In 1975, I enrolled in the University of Pennsylvania Graduate Program in Immunology. After more than 10 years—graduating college and professional school, working as a physical therapist, marrying, living in Paris for a year, and beginning to raise a family—I was finally ready to resume my education.
Once at Penn, I completed two of the three required laboratory rotations, but was beginning to doubt that I would ever find a suitable laboratory “home.” By chance, someone mentioned that there was a new faculty member, Peter Doherty, recently recruited from Canberra University in Australia, who would certainly be looking for graduate students. As it happened, Peter was giving a seminar the next day, and I learned about a new discovery he had just made regarding something called “MHC restriction.” I approached him after the seminar, and he agreed to have me do a rotation in his laboratory. He indicated that my project would be a continuation of his lymphocytic choriomeningitis (LCMV) work. He also happened to mention that in his newly remodeled laboratory, the autoclaves were not yet operational, so we would be using the old-fashioned boiling method of sterilization.

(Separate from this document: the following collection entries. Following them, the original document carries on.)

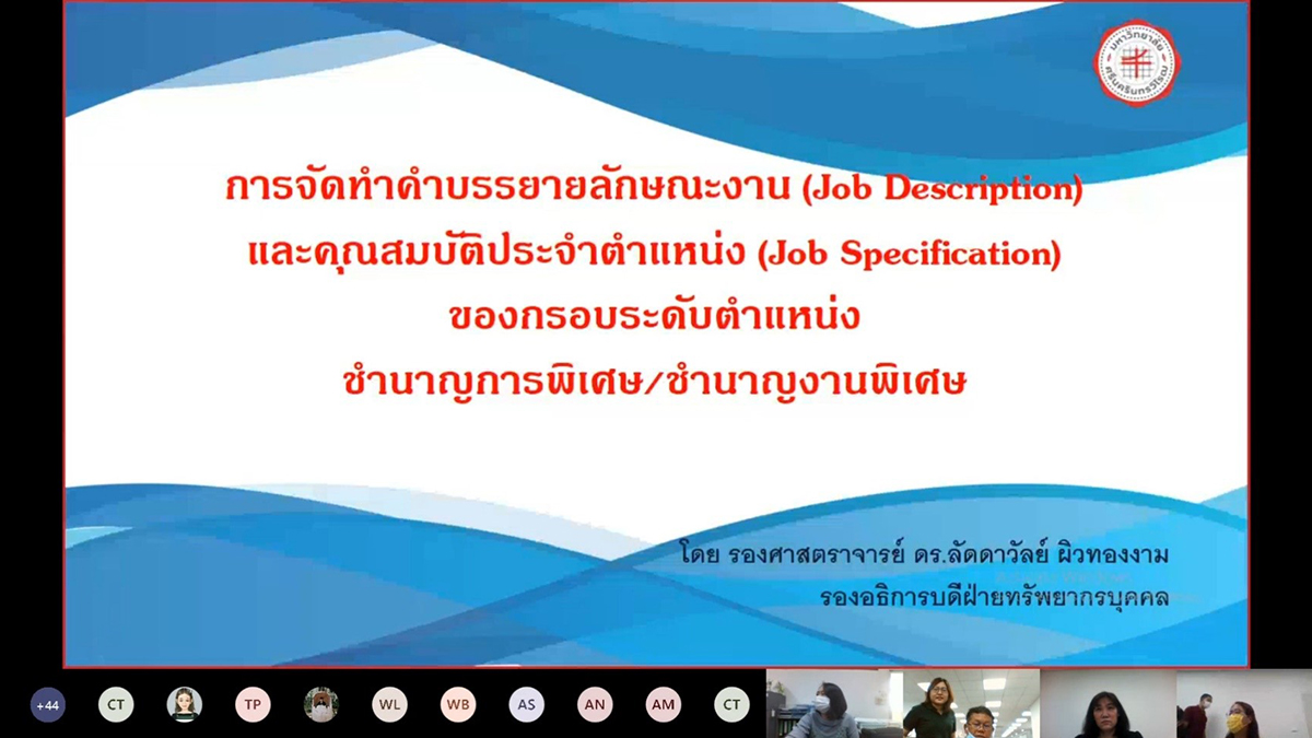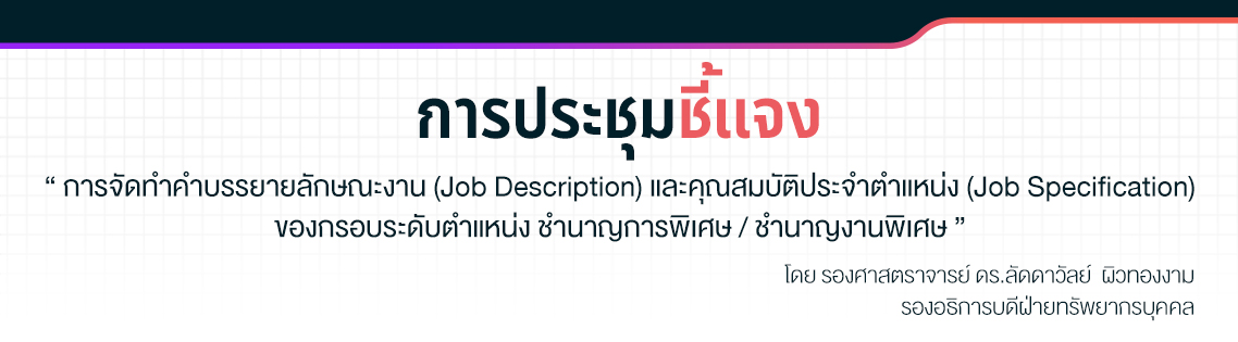 เรื่อง การจัดทำคำบรรยายลักษณะงาน (Job Description) และคุณสมบัติประจำตำแหน่ง (Job Specification)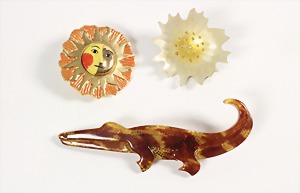 Lot Modeschmuck: 1 "KROKODIL", sig. LEA STEIN PARIS, L = 81,4 mm; 1 "BLÜTE", sig. ALEXIS BITTAR, D = ca. 34,5 mm,; 1 "SONNE", sig. Goebel, D = 34,6 mm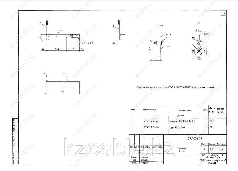 Траверса ТМ-73 выпускается в соответствии с типовым проектом 27.0002 (27.0002-38).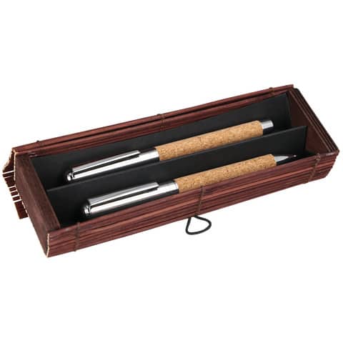 Kugelschreiber und Rollerball alsSet verpackt, mit natürlichem Cork,blau schreibend, in der Bamboo Box
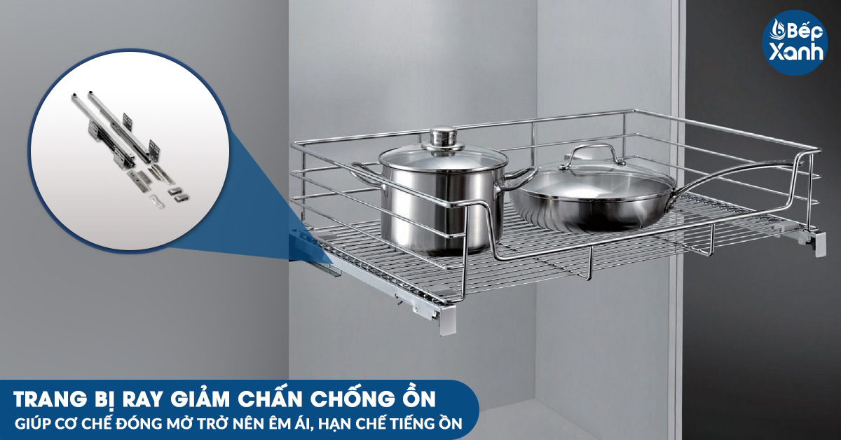 Đi kèm với kệ Eurogold EG6170 chính là bộ phận ray giảm chấn chống ồn giúp khách hàng đóng mở dễ dàng, chỉ cần thao tác mở tủ, khách hàng có thể thay toàn bộ phần kệ úp xoong nồi được di chuyển ra ngoài. Bên cạnh đó, bộ phận giảm chấn còn giúp giảm tiếng ồn tối đa và bảo vệ vật dụng tránh va chạm vào nhau kể cả khi khách hàng vô tình đóng tủ mạnh.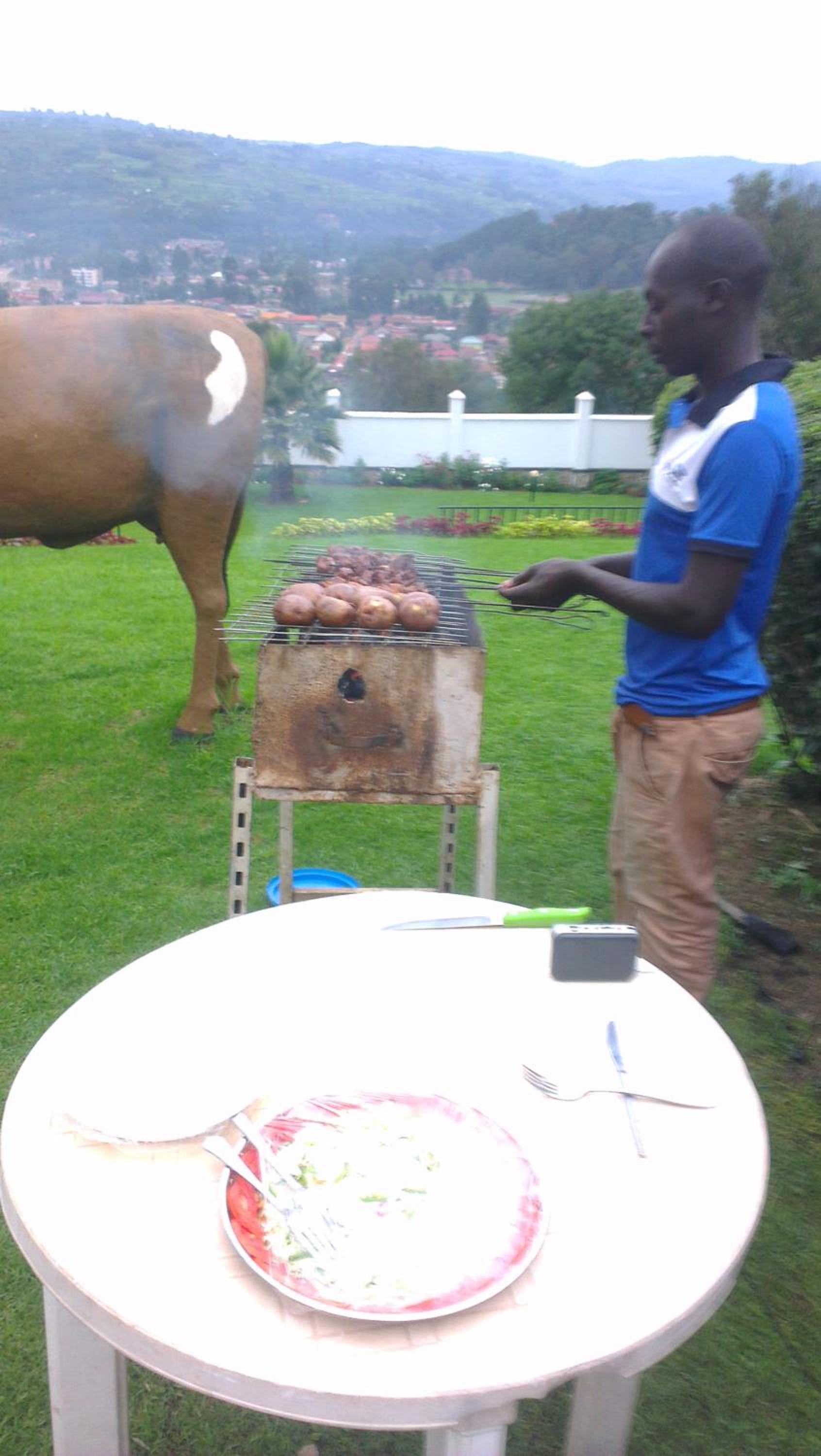The Kigezi Garden Inn is situated on a hill, overlooking the town of Kabale, surrounded by tea fields. The view and gardens within the grounds are beautiful and well worth staying the night. The staff are friendly and helpful. Breakfast and dinner was simple but delicious. Town is a short walk down the hill, or you can hail a motorbike.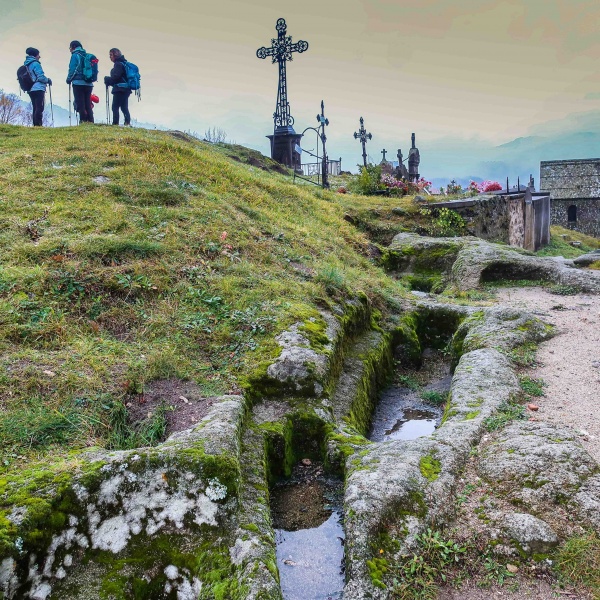 Après être partis comme prévu à 9 h, le ciel sec a bien voulu nous accompagner 30 mn, le temps d'aller re-re-revisiter le cimetière de St Floret.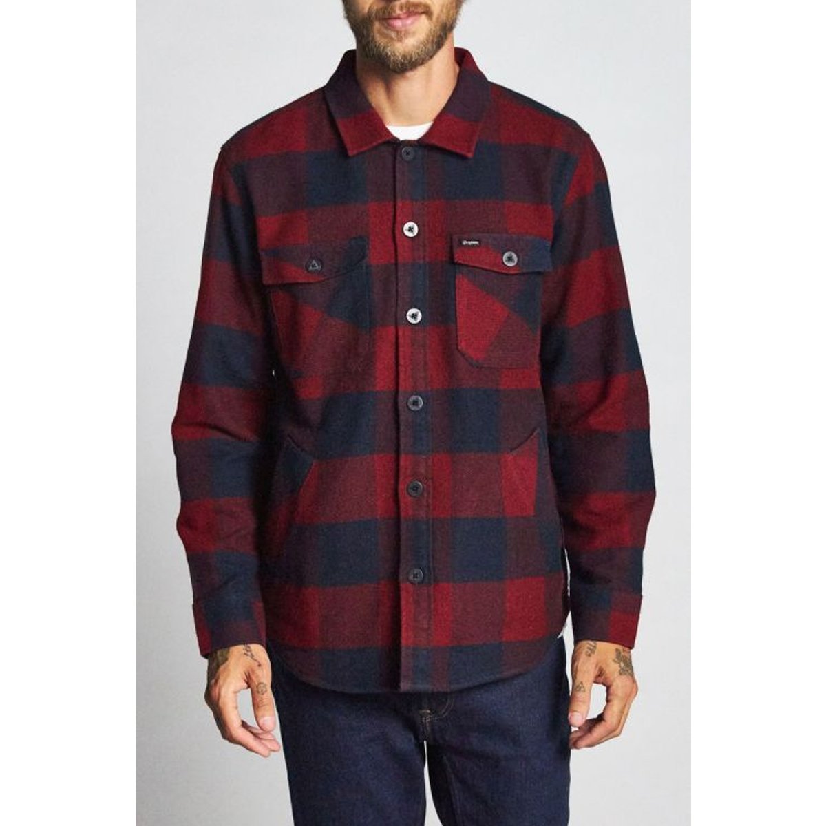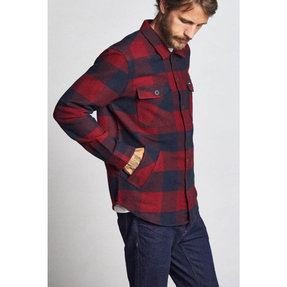 A long-sleeved button shirt made in cotton blended yarn-dyed flannel fabric with Taffeta details and a custom softener wash. It features two chest pockets, waist pockets, adjustable sleeve cuffs, and a Brixton woven label at pocket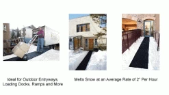 Heated entrance mats are ideal for outdoor entryways, loading docks, handicap ramps and more in the winter season. Built with non-slip, UV protected rubber making it ideal for outdoor use. Entrance mats include 3/8″ diameter grommet holes on each side (approx. every 3 feet) to secure mat to the surface. The mats are made of an electrically operated heating element sandwiched between two protective surfaces of non-slip rubber, making the mats as durable as automobile tires and wear resistant. Plugs into any standard outlet using a GFCI protected, 6’L power cord. 1/4″ thick overall. Mats maintain an average temperature of 40 degrees above the ambient temperature. Turn the mat on before the snow begins to fall. The mats will melt snow at an average rate of approx. 2″ per hour. 2 Year Limited Warranty.
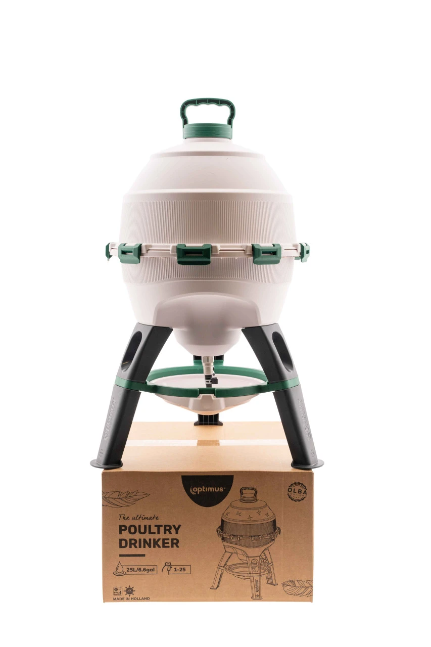 OPTIMUS 25L – innowacyjne poidło dla drobiu z mosiężnym zaworem, odporne na UV, z wymienną tacą. Łatwe napełnianie i czyszczenie. Idealne dla kur, kaczek i bażantów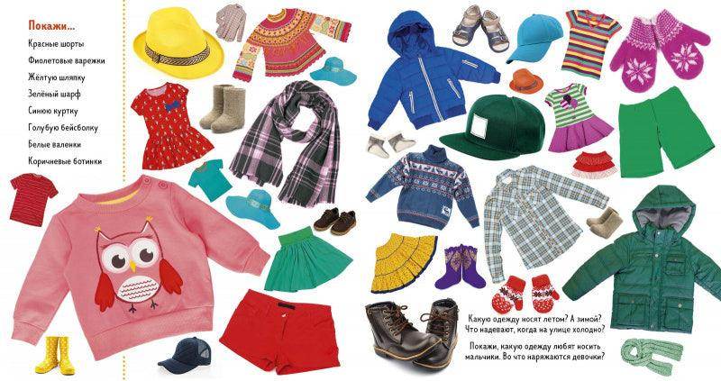 Эта занимательная книжка поможет ребенку в игровой форме запомнить названия времен года, цветов, предметов одежды, развить фантазию, речь, мелкую моторику и ассоциативное мышление.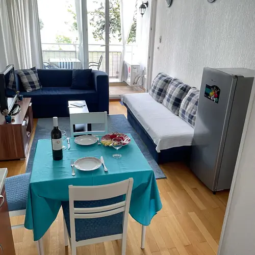 Apartman je uređen u plavim tonovima. Apartman može ugostiti 2 osobe . S balkona se pruža pogled na more.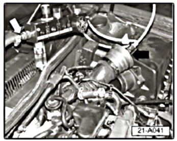 - Insert VAG 1687/1 pressure adapter in intake hose -black arrow- using existing clamp (as shown).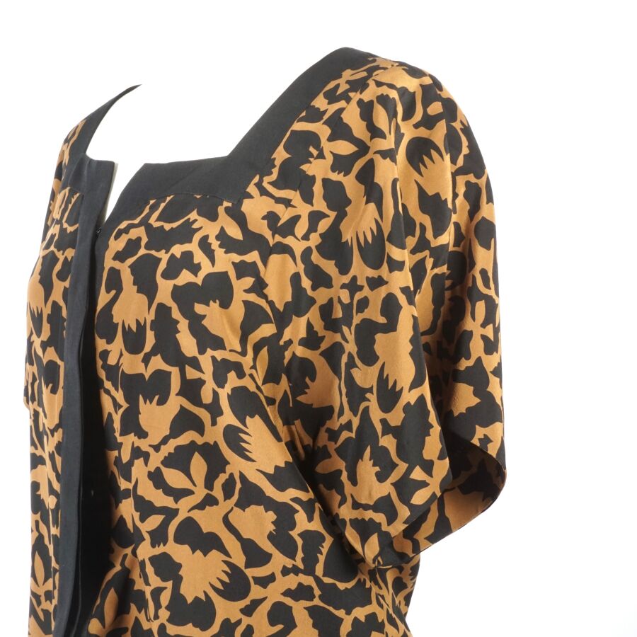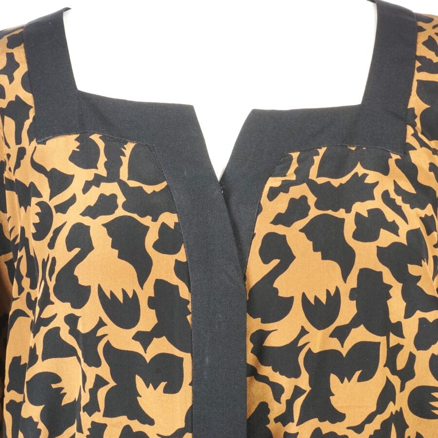 CHRISTIAN DIOR - BOUTIQUE : Tunique en soie à motif floral noir sur fond brun, col carré, manches courtes, fermeture à l'avant par un bouton pression et cinq boutons en bakélite noir, col carré, H. Totale : 80 cm environ (petites traces à la doublure).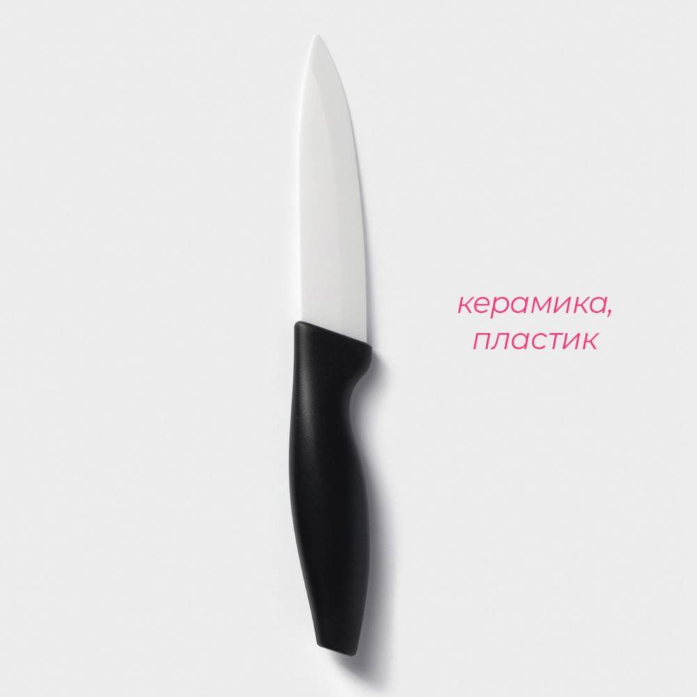 Универсальный керамический нож будет незаменим на кухне каждой хозяйки! Сделает нарезку любых видов продуктов легкой, сократит время, отведенное на готовку! Данный тип ножей изготавливают из особо прочной циркониевой керамики и закаляют при температуре +1500°C не менее двух дней. Это определяет главные достоинства инструмента — отсутствие необходимости в заточке, стойкость к коррозии. Благодаря низкой пористости керамическое лезвие не впитывает запахи и легко моется.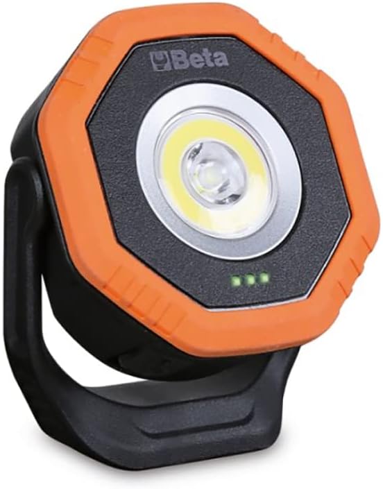 Funciona con una batería recargable de iones de litio de 3,7V y 2600 mAh, ofreciendo una autonomía de entre 3 y 9 horas en la luz principal y hasta 4,5 horas con la luz spot. Puede recargarse mediante cable USB-C o mediante la base de carga inalámbrica Beta 1839BRW, ofreciendo máxima comodidad en el taller.

I was a bit concerned with this proposal, since I had two small children at home, and LCMV sounded like a nasty virus. I somehow worked up the nerve to ask Peter if he had any other project I could work on. Those were the days when the mechanism of recognition by the T cell receptor (TCR) had not yet been fully elucidated. Together with Rolf Zinkernagel, a Swiss physician who had recently arrived in Canberra, Peter had recently shown that LCMV-specific cytotoxic T lymphocytes (CTL) are targeted to particular major histocompatibility complex (MHC) Class I glycoproteins with exquisite precision, but the details of viral recognition were still unclear. In response to my request, Peter came up with the idea that influenza might be a useful model to address the fine specificity of TCR viral recognition, since the A strain viruses would offer the possibility of investigating a closely related, defined panel of pathogens.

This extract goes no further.